The Battle Royal, the name for our conference theme for GamesBeat 2013, will be under way in just 11 days. I’m proud to say we’ve lined up the best slate of speakers we’ve ever had to show us the way ahead in the tumultuous and diverse game industry.

Just this week, Japan’s SoftBank and GungHo Entertainment (the maker of Puzzle & Dragons) bought 51 percent of Helsinki-based Supercell for $1.5 billion. Supercell, who made the popular Clash of Clans, was valued at just $770 million back in March, but now it’s supposedly worth a cool $3 billion. And rumors are rife that London’s King (Candy Crush Saga) will stage an initial public offering that could be valued at $5 billion.
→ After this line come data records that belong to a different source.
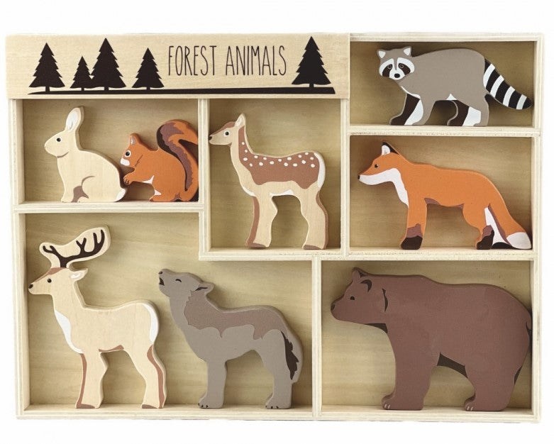 Questa scatola di legno contiene un incantevole set di otto animali del bosco. Perfetto per incoraggiare il gioco immaginativo o decorare una stanza a tema foresta. Legno FSC.
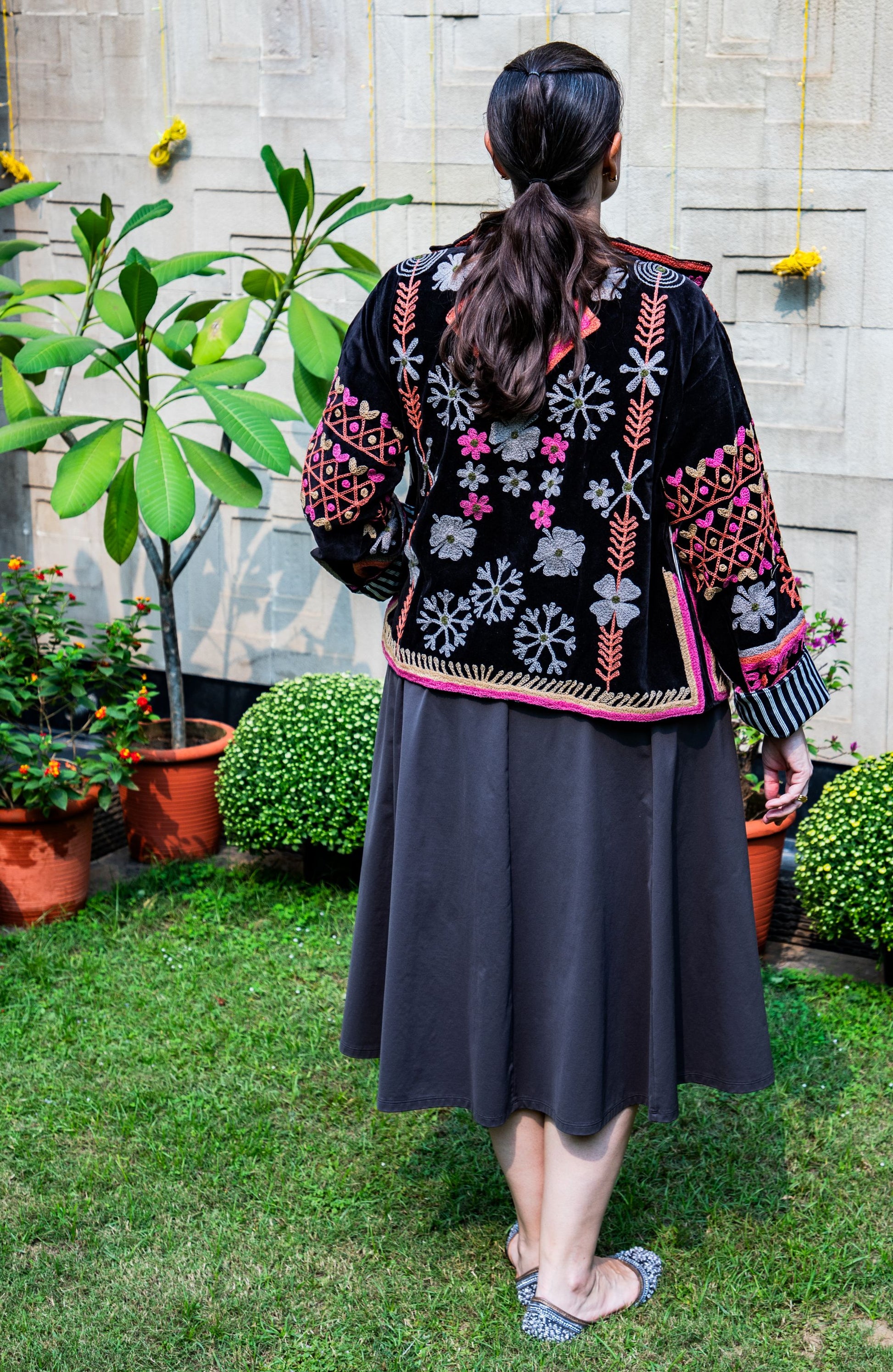 A show-stopping piece in any wardrobe, this Suzani Jacket blends timeless heritage with effortless modern wearability. Handcrafted using traditional Suzani needlework techniques, each jacket is adorned with intricate, colourful motifs that make every piece truly one-of-a-kind. Set on a base of plush velvet, it offers a beautiful sense of richness, depth, and an elevated, tactile finish.
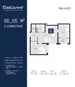 Продается 2-комн. квартира от застройщика с предчистовой отделкой в ЖК "Беринг" на 11 этаже. Общая площадь: 66.65 кв.м., жилая: 27.48 кв.м., площадь просторной кухни-столовой: 24.37 кв.м. Угловая квартира, очень светлая, естественная вентиляция при открытии окон. В квартире одна лоджия, один совмещенный и один раздельный санузел. Высота потолков 2.75 м.
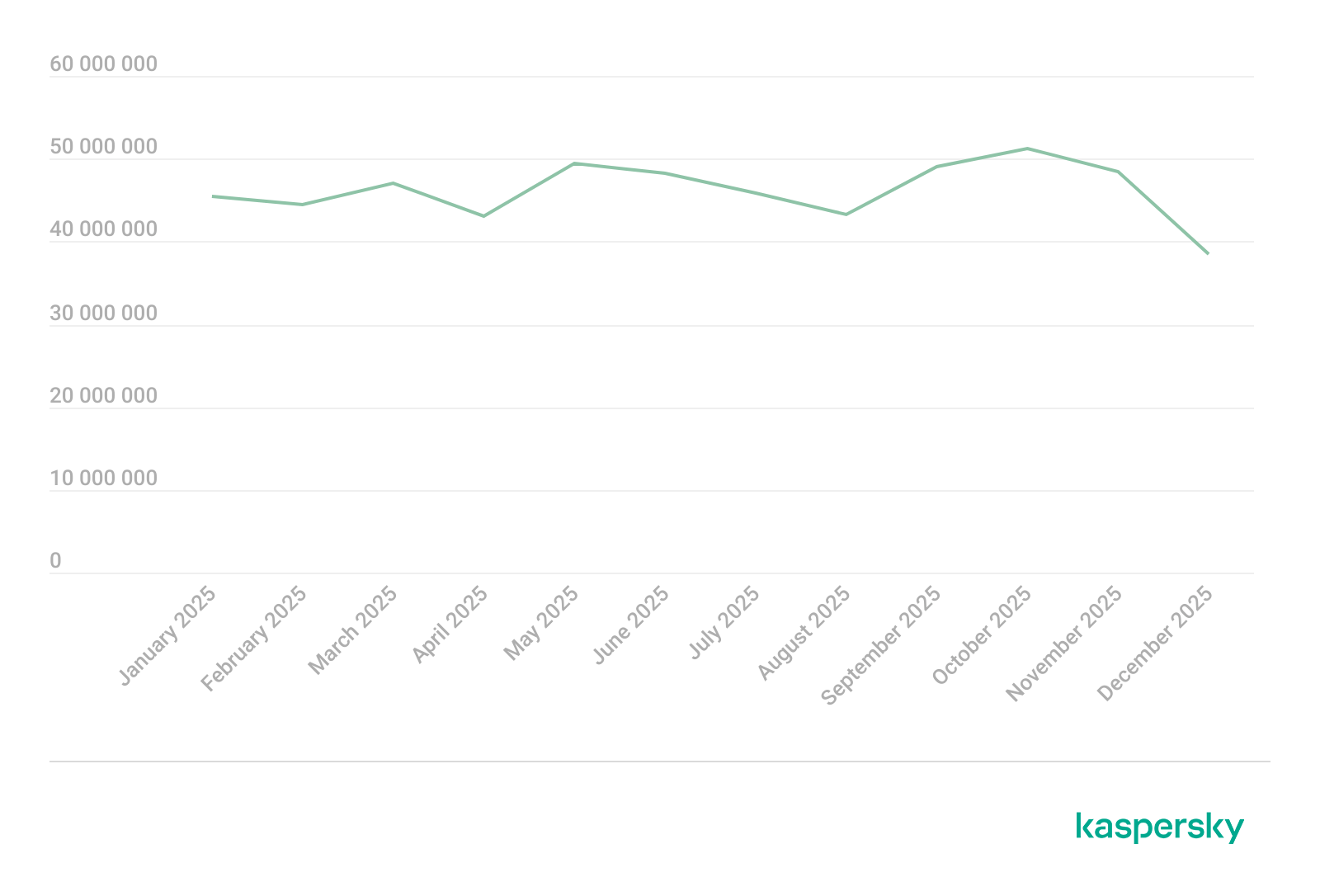 In 2025, Kaspersky solutions blocked 554,002,207 attempts to follow fraudulent links. In contrast to the trends of previous years, we did not observe any major spikes in phishing activity; instead, the volume of attacks remained relatively stable throughout the year, with the exception of a minor decline in December.
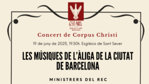 [2025-06-14] El dijous 19 de juny de 2025 a les 19.30 h, l’església de Sant Sever acollirà el Concert de Corpus titulat Les músiques de l’Àliga de la Ciutat, a càrrec dels Ministrers del Rec sota la direcció de l’etnomusicòleg Pol… (...)Representants de grups de foc de Catalunya compareixen al Parlament i reclamen una nova regulació que garanteixi la continuïtat de les festes populars amb pirotècnia
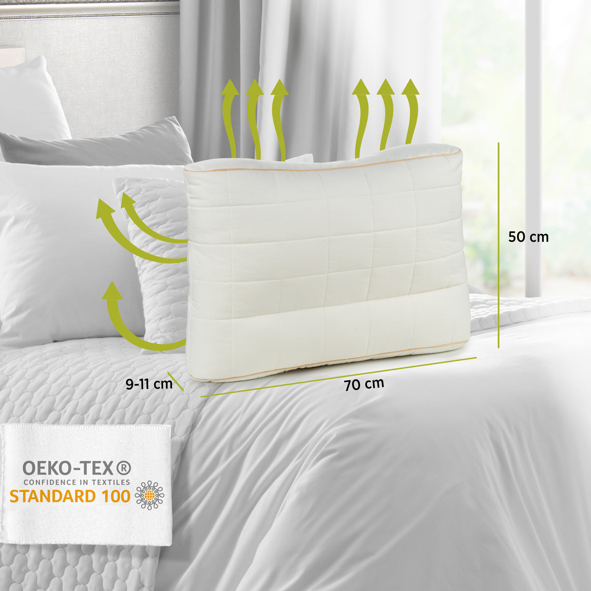 - Pagalvę galima skalbti 60 °C temperatūroje, todėl ji tinka ir tiems, kurių oda jautri ir problemiška, kenčiantiems nuo alergijos ir astmatikams.
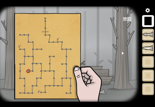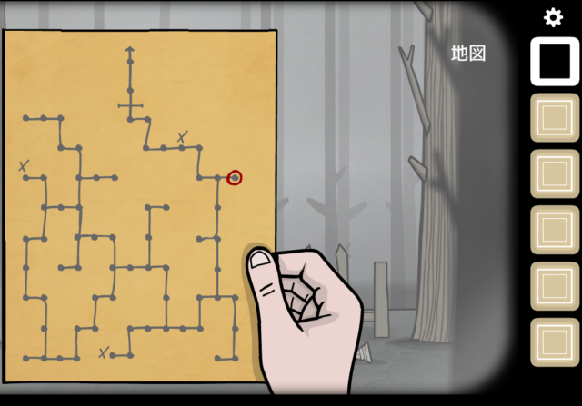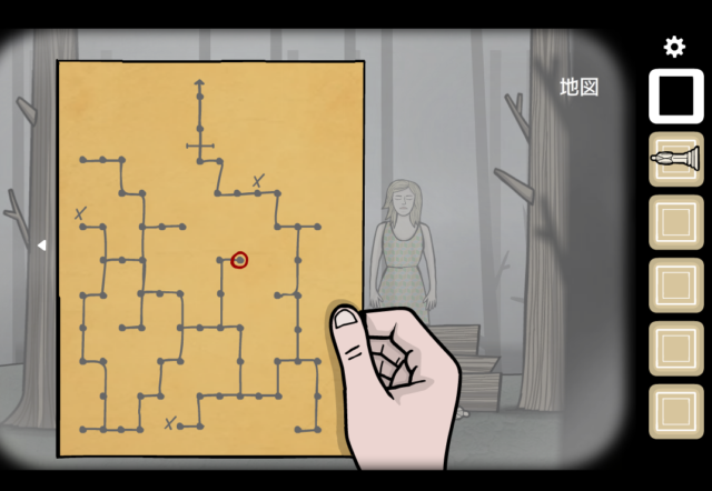 持ち物から地図を確認。今いる場所に赤い○で印がつくので、それを目安に進んで行く。
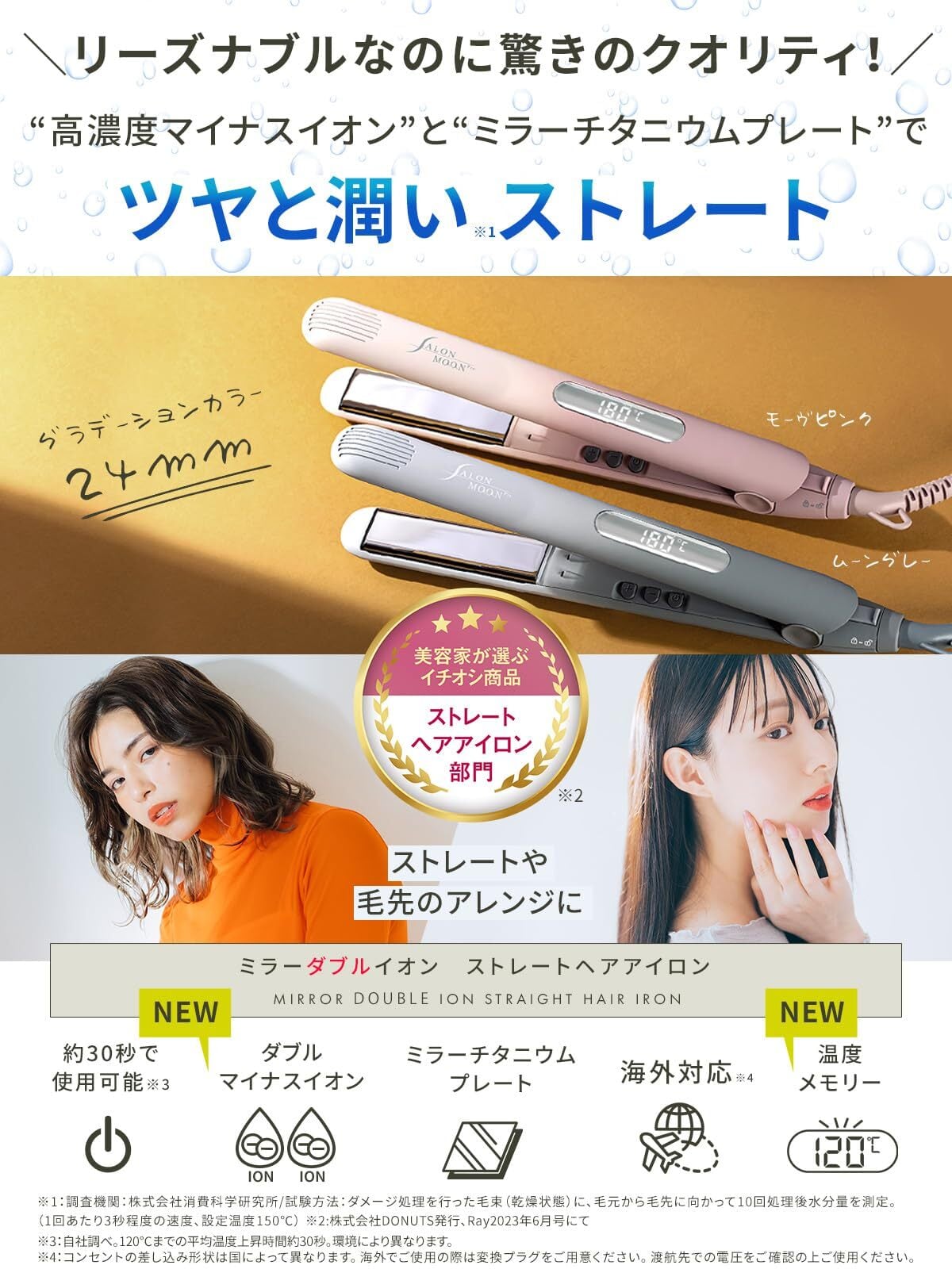 ◆デジタル表示 秒速スタンバイ SALONMOON (サロンムーン) ミラーダブルイオン ストレート ヘアアイロン 24mm ムーングレー ストレートアイロン 80℃~230℃ カール 2WAY コテ 高濃度マイナスイオン 海外対応◆
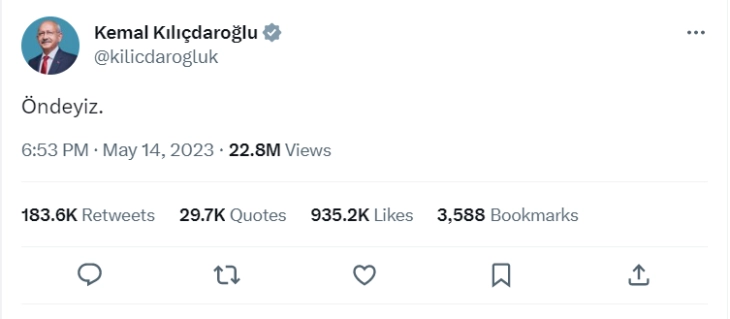Најголемиот ривал на Ердоган на денешните претседателски избори во Турција Кемал Киличдароглу на Твитер напиша дека води на изборите.
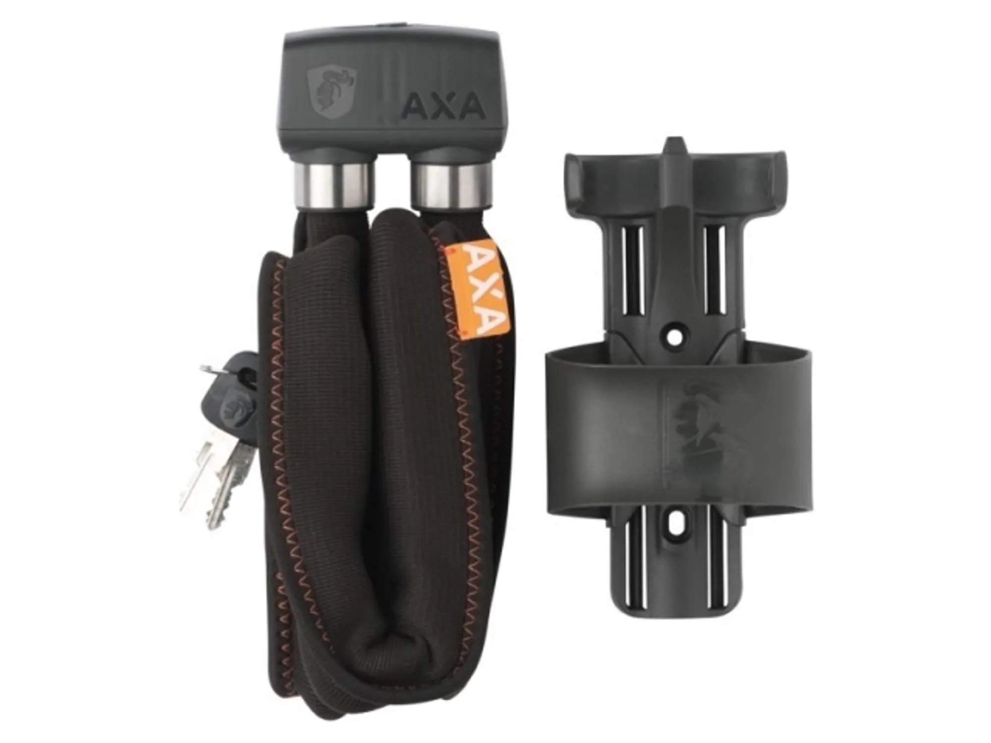 Het AXA Foldable 600 vouwslot is ideaal voor dagelijks gebruik en geschikt voor fietsen met een laag diefstalrisico. Het is voorzien van 6 mm dikke geharde stalen schakels met rubberen behuizing om krassen te voorkomen. Het wordt geleverd met een houder voor montage op bidonnokken of stang en is voorzien van een cilinderbescherming tegen vuil en vocht. Inclusief 2 sleutels.
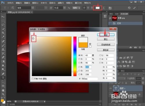 在面板中点击颜色,选中需要的颜色后按确定;
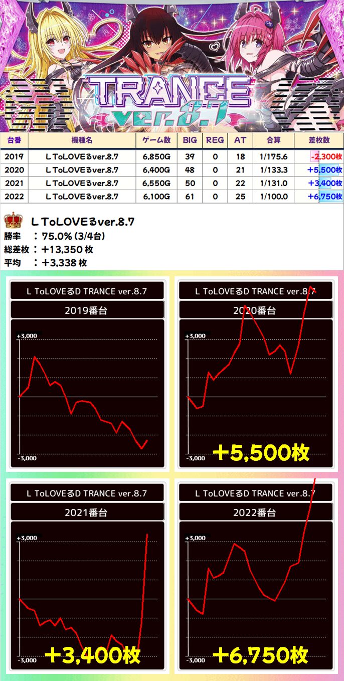 L ToLOVEるver.8.7 (3/4台+) ➡平均 +3,338枚

This isn’t a pure bubble. These companies are generating these valuations because they’ve figured out how to monetize mobile players. And once these folk start spending, they can generate millions of dollars a day. On an annual basis, that can mean that these companies could generate a billion dollars in revenue. Just a year ago, such revenues in the mobile industry were a fantasy.

A year of change

Battle Royal

Above: Battle Royal

Image Credit: VentureBeat

A year ago, we welcomed everyone to the Crossover Era. The console market had stalled. Traditional game companies found they had to make the leap to digital before companies like Zynga — without any physical games — pulled ahead of them.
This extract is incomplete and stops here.